• PROMPT:
Nothing but the lines from the one containing "Impeccably maintained &" to the end of the data should be copied, exactly, and the pictures stay out.

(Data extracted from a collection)
━━━

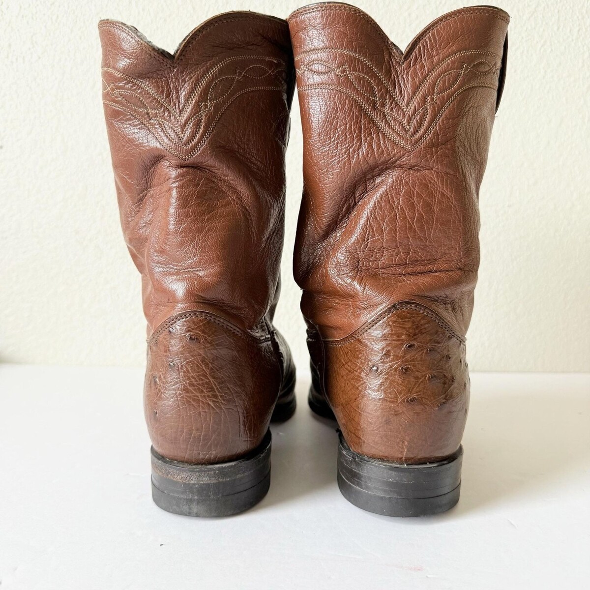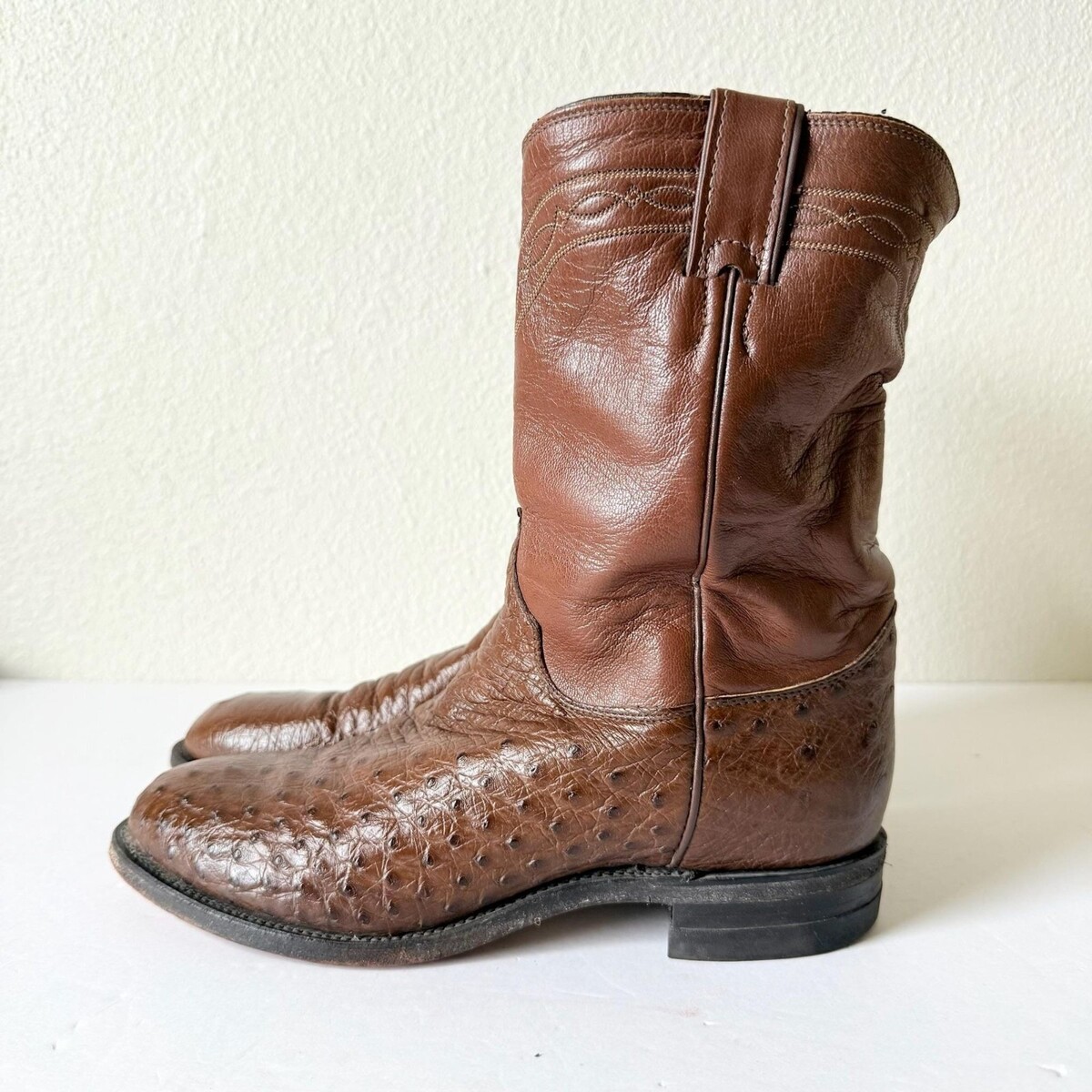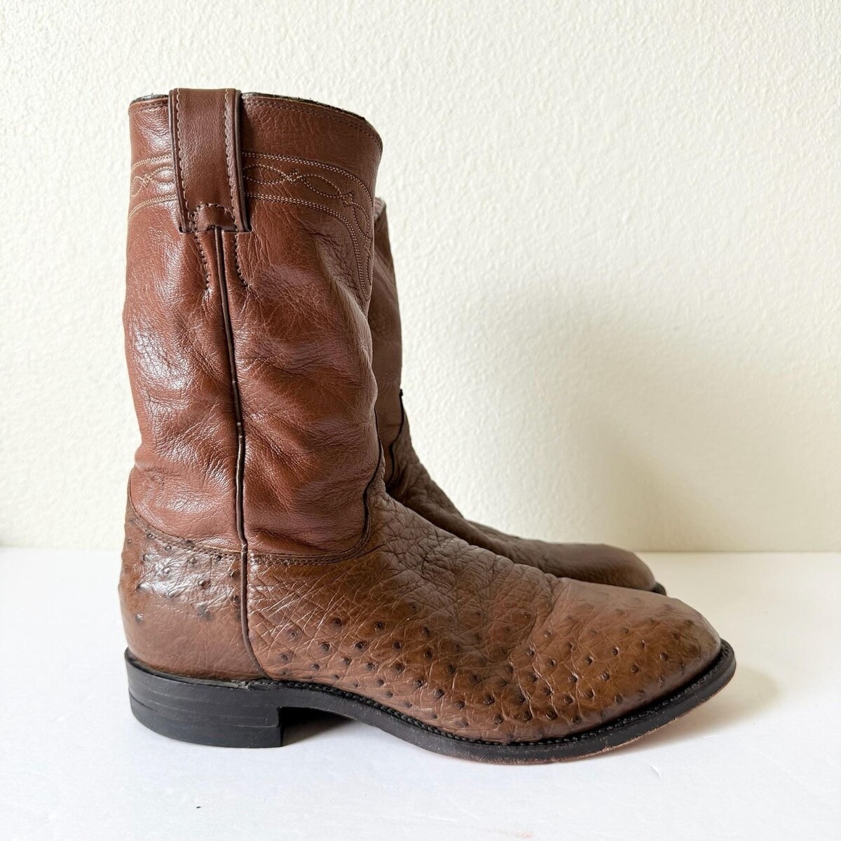 - Vintage Justin Men's Brown Cowboy Roper Boots Size 9EE Ostrich Western Round Toe
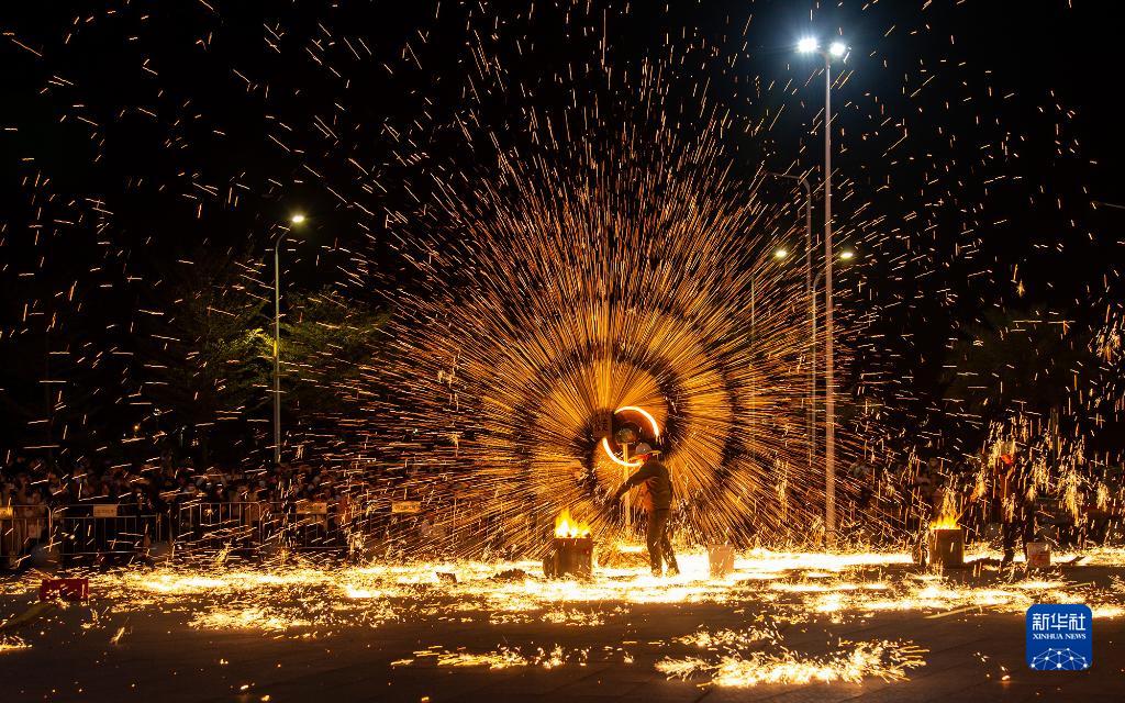當晚,廣東省揭陽市上演了一場精彩的“打鐵花”非遺表演活動,吸引了大量市民和游客前來觀賞,營造出濃郁的節日氛圍。
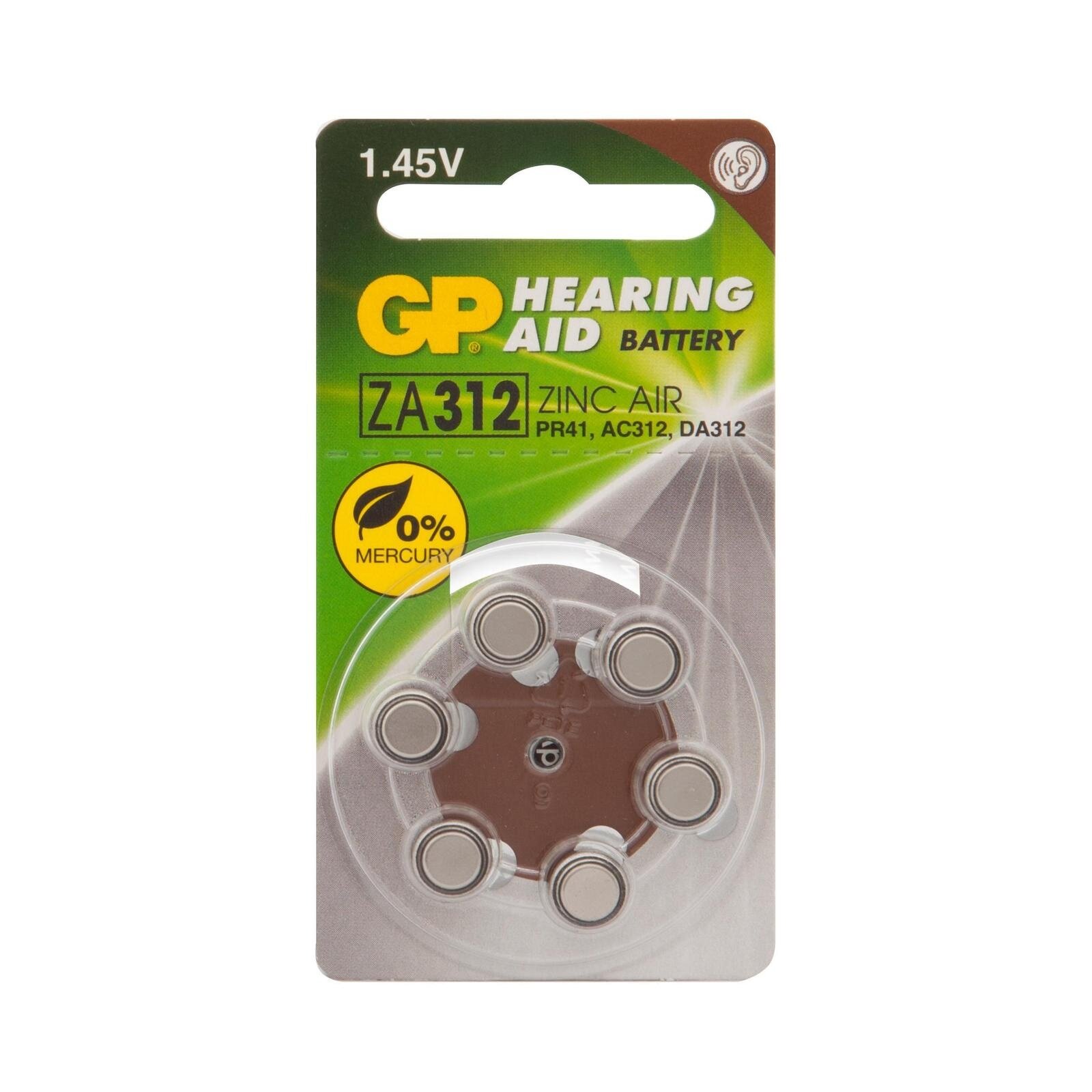 GP Батарейка цинковая GP, ZA312 (PR41)-6BL, для слуховых аппаратов, 1.4В, блистер, 6 шт.
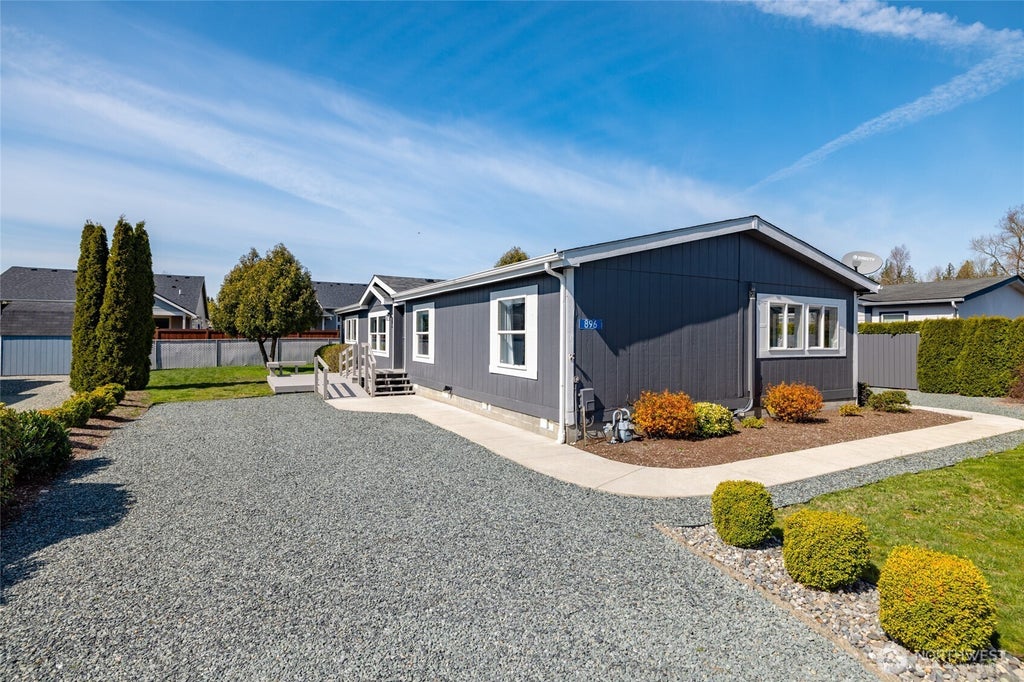 Impeccably maintained & renovated manufactured home in the 55+ gated community of Carriage Estates. Ideally located, minutes to historic downtown, with charming shops, eateries, trails & parks. Bright open design with generous living throughout. Remodeled & reimagined kitchen offers stainless, loads of storage, glistening quartz w/stone tile splash & center cook island. Large dining open to expansive rec-room. Outstanding primary w/spacious walk-in & ensuite bath offers oversized step-in shower. 2 perfect guest bedrooms, full guest bath & sizeable laundry room. Additional upgrades include new roof, LVP, plus energy efficient mini splits for heating & A/C. Easy care landscaped yard w/front sundeck, BBQ patio, fencing & 2 large storage sheds.
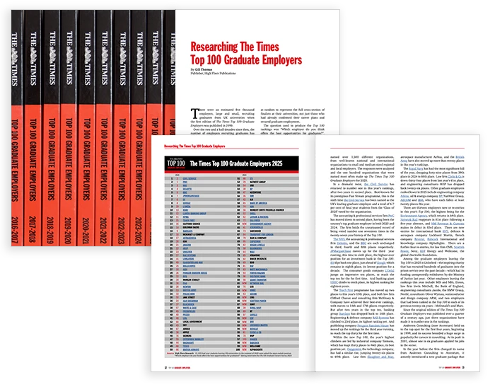 Each year, The Times Top 100 Graduate Employers promotes the country’s top graduate employers to more than a quarter of a million university students and graduates across the UK.
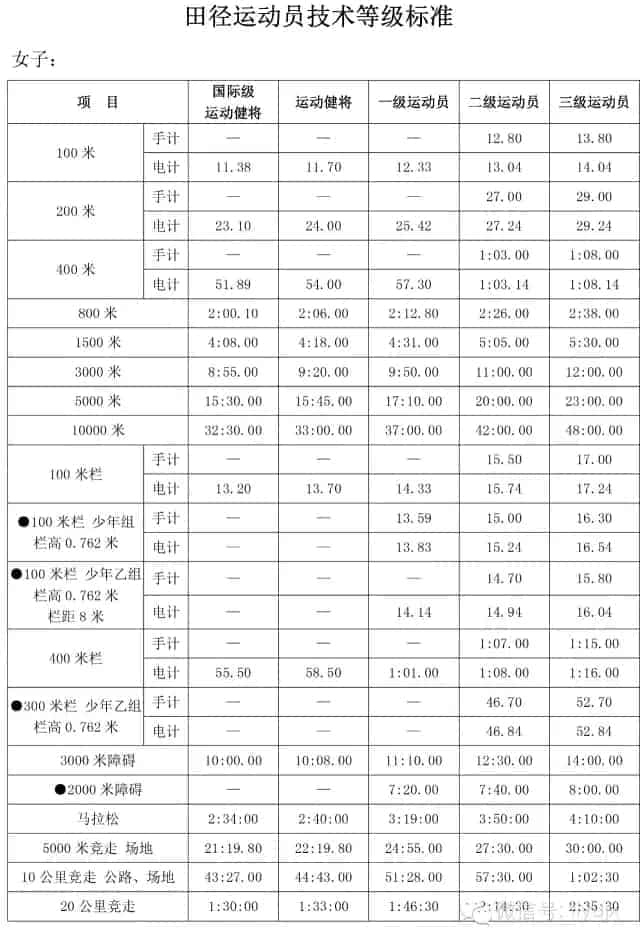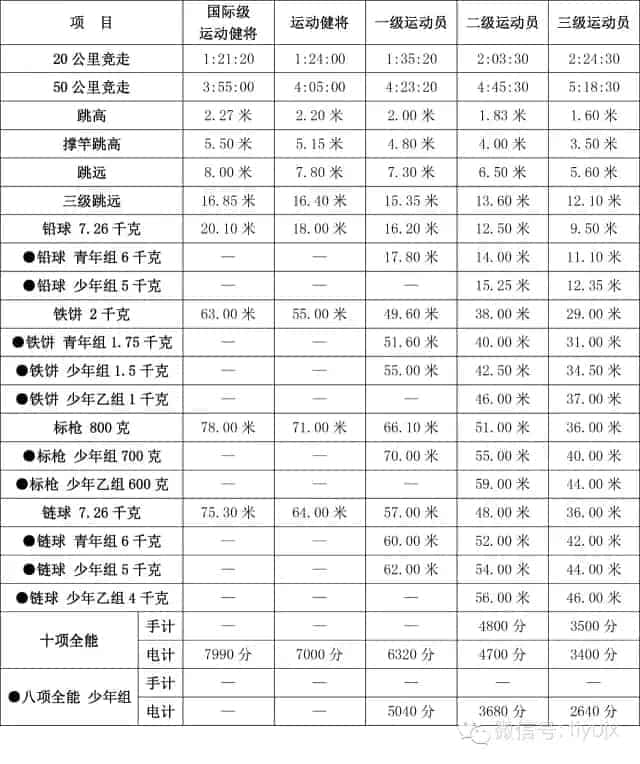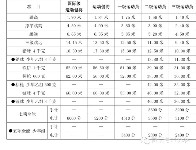 注:1. 上述国际和全国比赛各小项须至少有8人、省级和地市级比赛各小项须至少有6人上场比赛,方可授予等级称号。
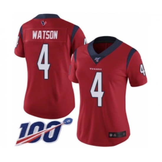 Women's Nike Houston Texans #4 Deshaun Watson Red Alternate Vapor Untouchable Limited Player 100th Season NFL Jersey

━━━

• RESULT FOR THIS EXERCISE:
 Impeccably maintained & renovated manufactured home in the 55+ gated community of Carriage Estates. Ideally located, minutes to historic downtown, with charming shops, eateries, trails & parks. Bright open design with generous living throughout. Remodeled & reimagined kitchen offers stainless, loads of storage, glistening quartz w/stone tile splash & center cook island. Large dining open to expansive rec-room. Outstanding primary w/spacious walk-in & ensuite bath offers oversized step-in shower. 2 perfect guest bedrooms, full guest bath & sizeable laundry room. Additional upgrades include new roof, LVP, plus energy efficient mini splits for heating & A/C. Easy care landscaped yard w/front sundeck, BBQ patio, fencing & 2 large storage sheds.
 Each year, The Times Top 100 Graduate Employers promotes the country’s top graduate employers to more than a quarter of a million university students and graduates across the UK.
 注:1. 上述国际和全国比赛各小项须至少有8人、省级和地市级比赛各小项须至少有6人上场比赛,方可授予等级称号。
 Women's Nike Houston Texans #4 Deshaun Watson Red Alternate Vapor Untouchable Limited Player 100th Season NFL Jersey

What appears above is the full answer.